▶ _GIVEN DATA_:
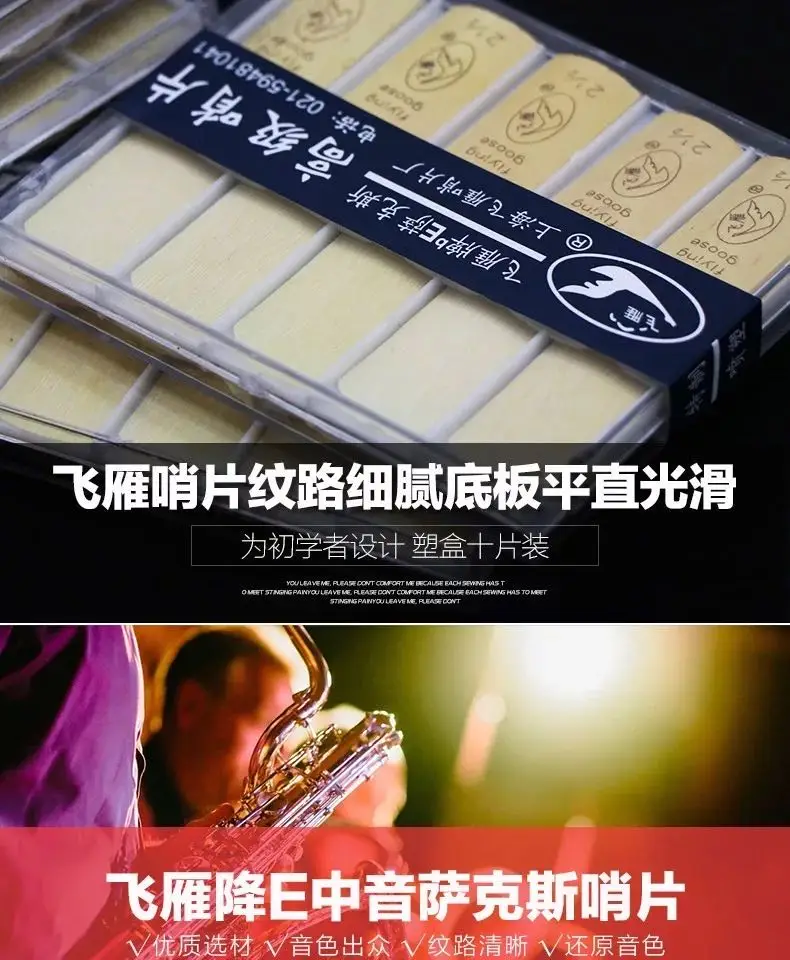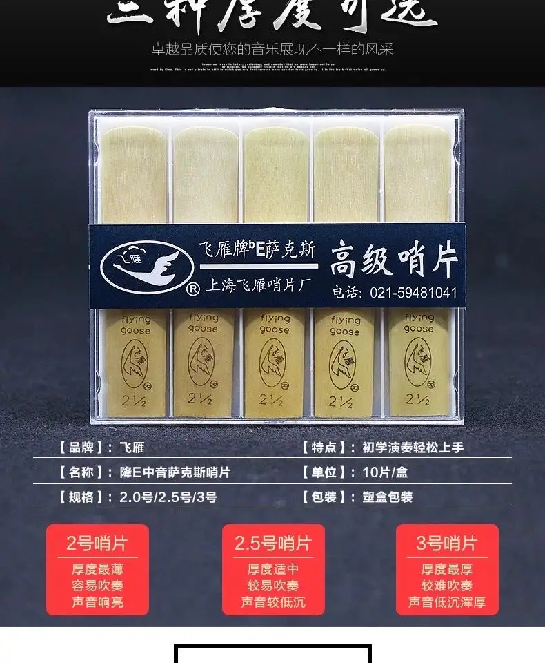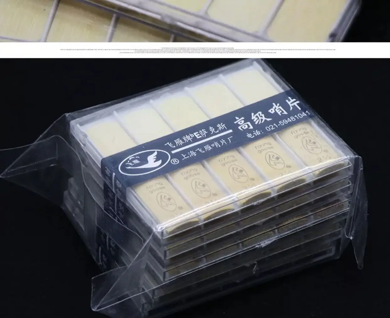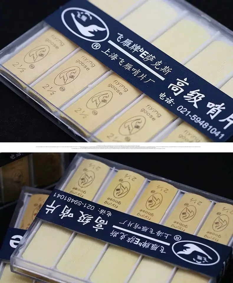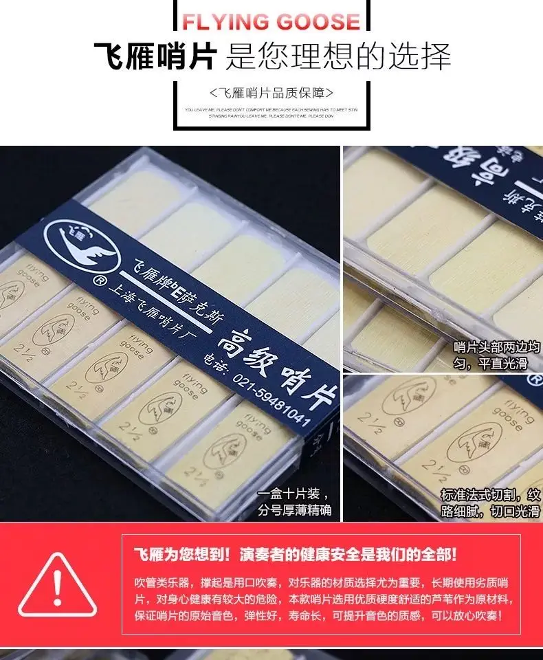 Бренд Shanghai FlyingGoose был основан в 1985 году. Эти трости немного тонки, чем вандоран и более яркие и широкие, чем Вандорен. Этот продукт легче контролировать и делать звук, полезно развивать хорошее положение рта, которое подходит для начинающих и практиковаться. (Трости этого продукта являются сырьем промежуточного уровня. Наша синяя коробка Тростников выбрать высокого качества сырья растут в течение 2 лет.) Некоторые другие трости печати xinzhong и JMreed на спине оба используют только годовое сырье. Они имеют почти тростники, которые растут только в течение 1 года, потому что они урожай в дикой природе. Сырьевые материалы, которые растут в течение 1 года, не являются зрелыми и неквалифицированными. Две коробки Пластиковые зажимы для Тростников одинаковые. Разница только в том, что подано и не подано. И одна печать синьчжун, другая печать JMreed. Сущность не отличается. Их тростники являются продуктом 'three no''. В коробке нет подробной информации. Наша цена на тростниковый продукт дешевая и качество намного лучше. Приятно познакомиться! Мой друг!(● ''d' ●)
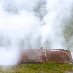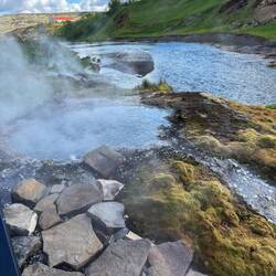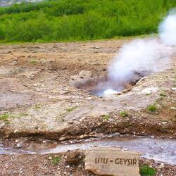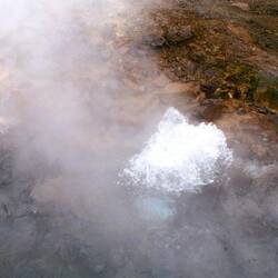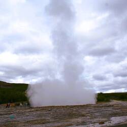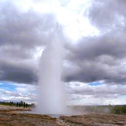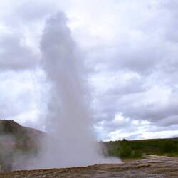 Der bekannte Geysir, ca. alle 7-8 Minuten spukt er seine Fontänen in die Höhe. Dieses entsteht, wenn Wasser in Kontakt mit heißem Magma oder Gestein erhitzt wird und unter Druck steht.
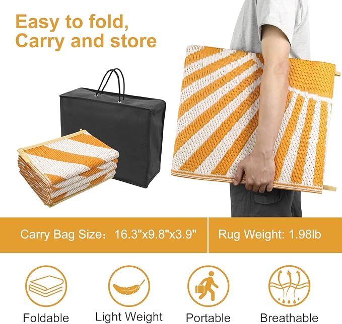- Widely Used: This outdoor rug can not only resist the sun and waterproof, but also the material is lightweight and breathable, good choice for anywhere outside, to be rv camping rug, outdoor carpet, balcony rug, picnic rug, beach rug, deck rug and outdoor rugs for patios.
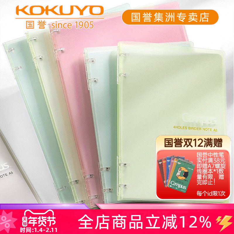 📚 日本kokuyo国誉Campus四孔A5轻薄便携可拆卸活页本B5不硌手女生高颜值清新活页夹学生笔记本360°翻折不硌手
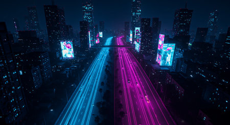 Captivating nighttime view of a busy highway illuminated by vibrant light trails, showcasing modern skyscrapers and the dynamic energy of urban life.
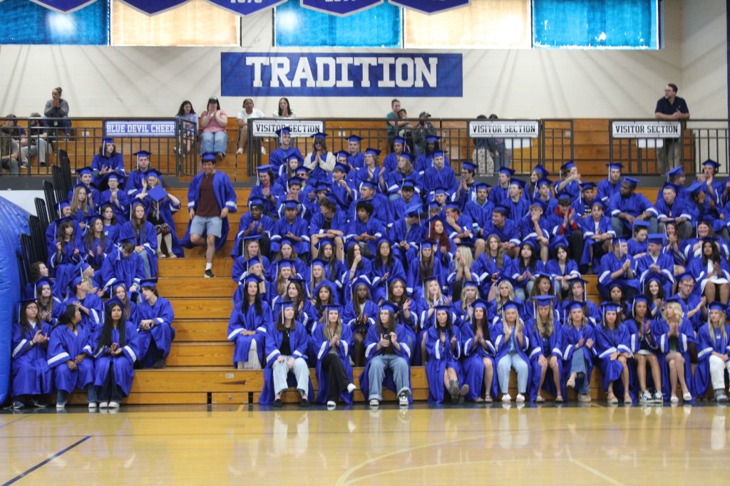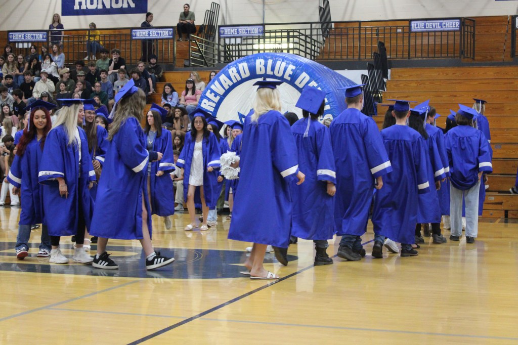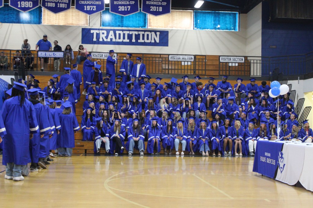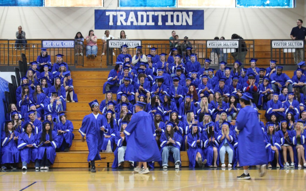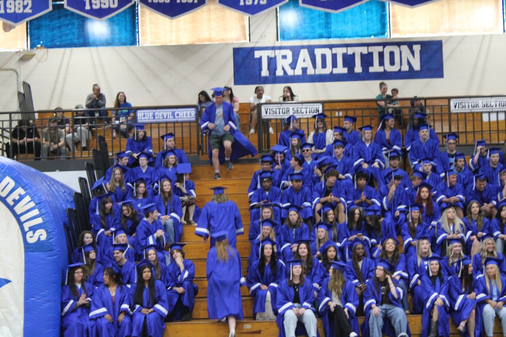 Grads wore their cap and gowns, many with college apparel underneath, and entered the gym through the Blue Devil tunnel.
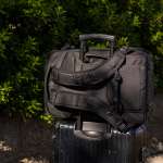 機材を入れた状態でキャリーケースの上に乗せられるので、安心感も高い。
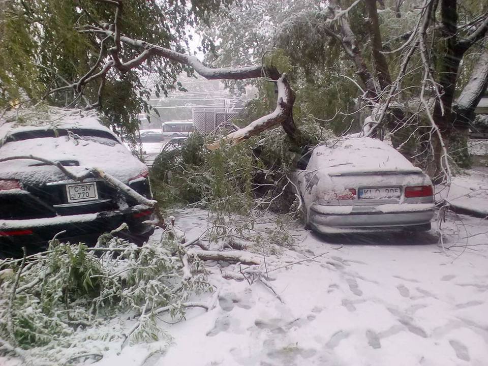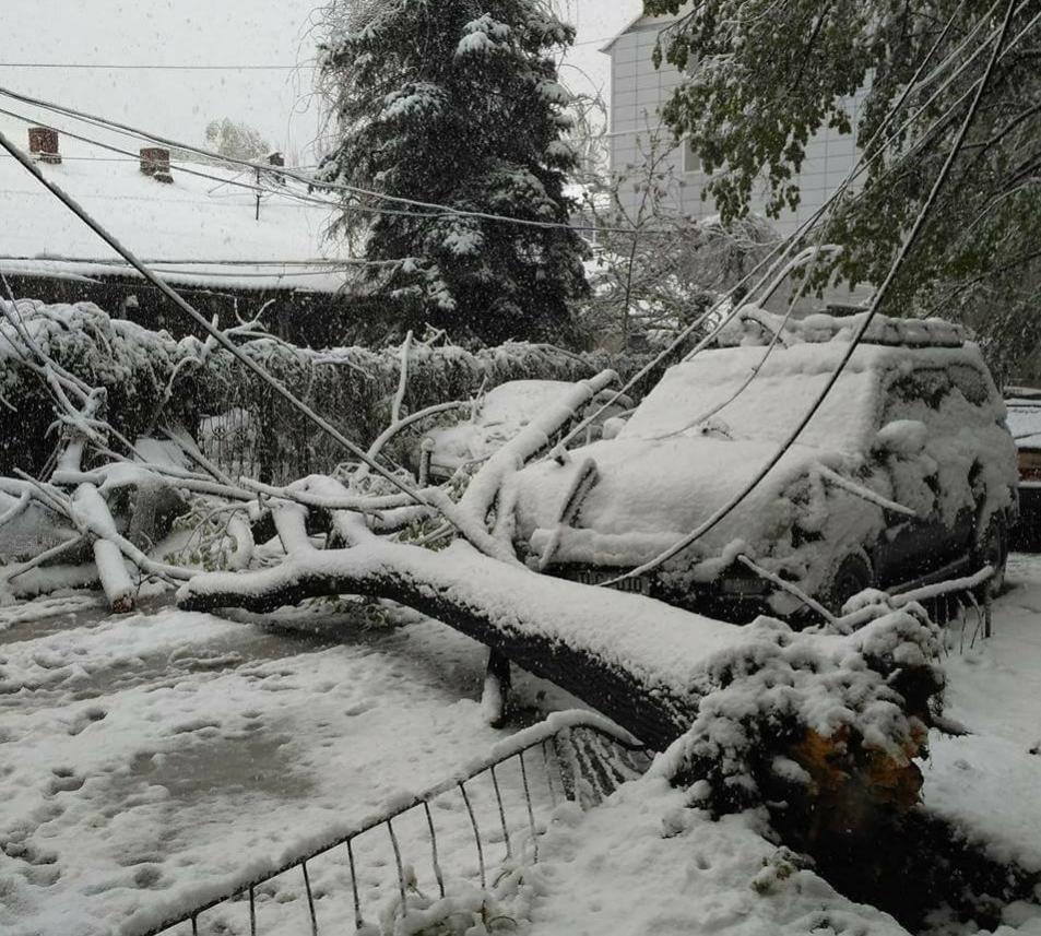 Огромные хлопья мокрого снега налипали на всём: деревьях, проводах, карнизах и пр. Деревья ломались и, как сраженные солдаты, падали, рвали провода, ломали трубы газоснабжения, били стекла окон... Частично прервалось троллейбусное сообщение. Автомобили, владельцы которых «переобули» их на летнюю резину, стали попадать в неприятные ситуации. Произошли первые дорожно-транспортные происшествия.
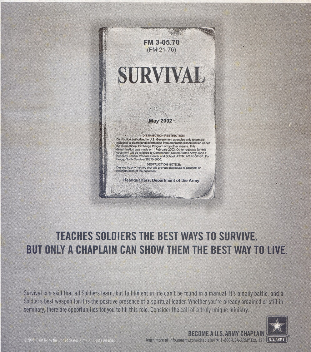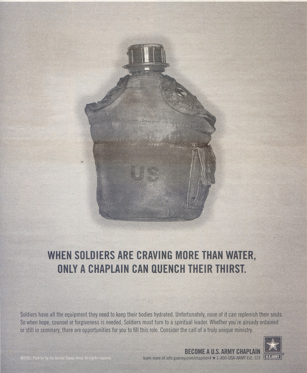 In 2007, the Army Chaplain Corps ran a series of ads that appeared at least in Army Times, in an effort to encourage people “already ordained or still in seminary” to “consider the call of a truly unique ministry.” I’ve recently come across two of these ads from September and October 2007 issues of Army Times. Have you considered the call?

▶ _TASK ITEM_:
Set down word for word each line from the one containing "Огромные хлопья мокрого" through the end of the material, and keep the pictures out of it.

▶ _ANSWER TO THE EXERCISE_:
 Огромные хлопья мокрого снега налипали на всём: деревьях, проводах, карнизах и пр. Деревья ломались и, как сраженные солдаты, падали, рвали провода, ломали трубы газоснабжения, били стекла окон... Частично прервалось троллейбусное сообщение. Автомобили, владельцы которых «переобули» их на летнюю резину, стали попадать в неприятные ситуации. Произошли первые дорожно-транспортные происшествия.
 In 2007, the Army Chaplain Corps ran a series of ads that appeared at least in Army Times, in an effort to encourage people “already ordained or still in seminary” to “consider the call of a truly unique ministry.” I’ve recently come across two of these ads from September and October 2007 issues of Army Times. Have you considered the call?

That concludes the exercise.